#### WHAT YOU ARE ASKED TO DO:
Write out all the data verbatim. Skip images.

[Opening DATASET EXTRACT section]

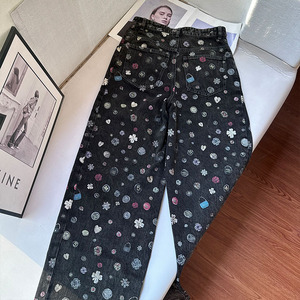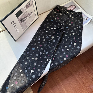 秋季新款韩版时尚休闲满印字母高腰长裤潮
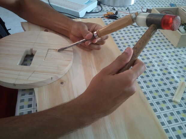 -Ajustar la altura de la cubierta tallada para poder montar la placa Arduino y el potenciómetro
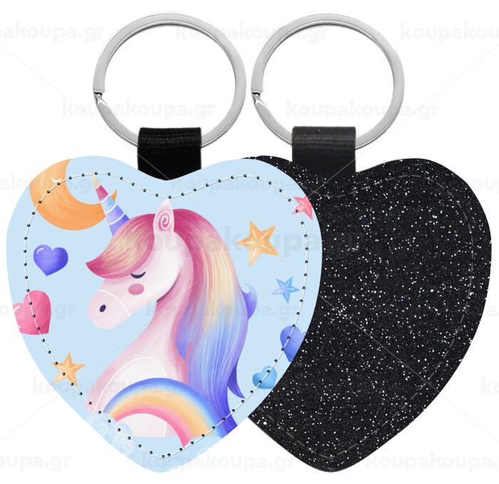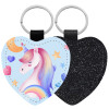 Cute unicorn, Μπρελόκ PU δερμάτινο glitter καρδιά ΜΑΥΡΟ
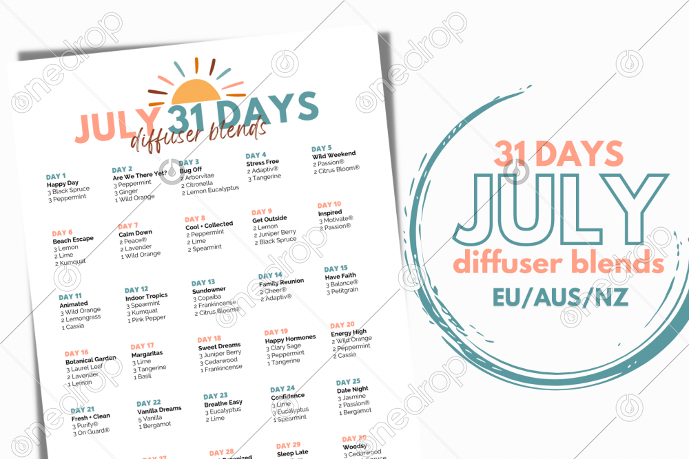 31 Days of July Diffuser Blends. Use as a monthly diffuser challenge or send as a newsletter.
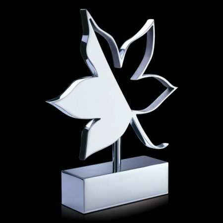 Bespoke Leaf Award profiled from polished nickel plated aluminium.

[Closing DATASET EXTRACT section]

#### SOLVED PROBLEM:
 秋季新款韩版时尚休闲满印字母高腰长裤潮
 -Ajustar la altura de la cubierta tallada para poder montar la placa Arduino y el potenciómetro
 Cute unicorn, Μπρελόκ PU δερμάτινο glitter καρδιά ΜΑΥΡΟ
 31 Days of July Diffuser Blends. Use as a monthly diffuser challenge or send as a newsletter.
 Bespoke Leaf Award profiled from polished nickel plated aluminium.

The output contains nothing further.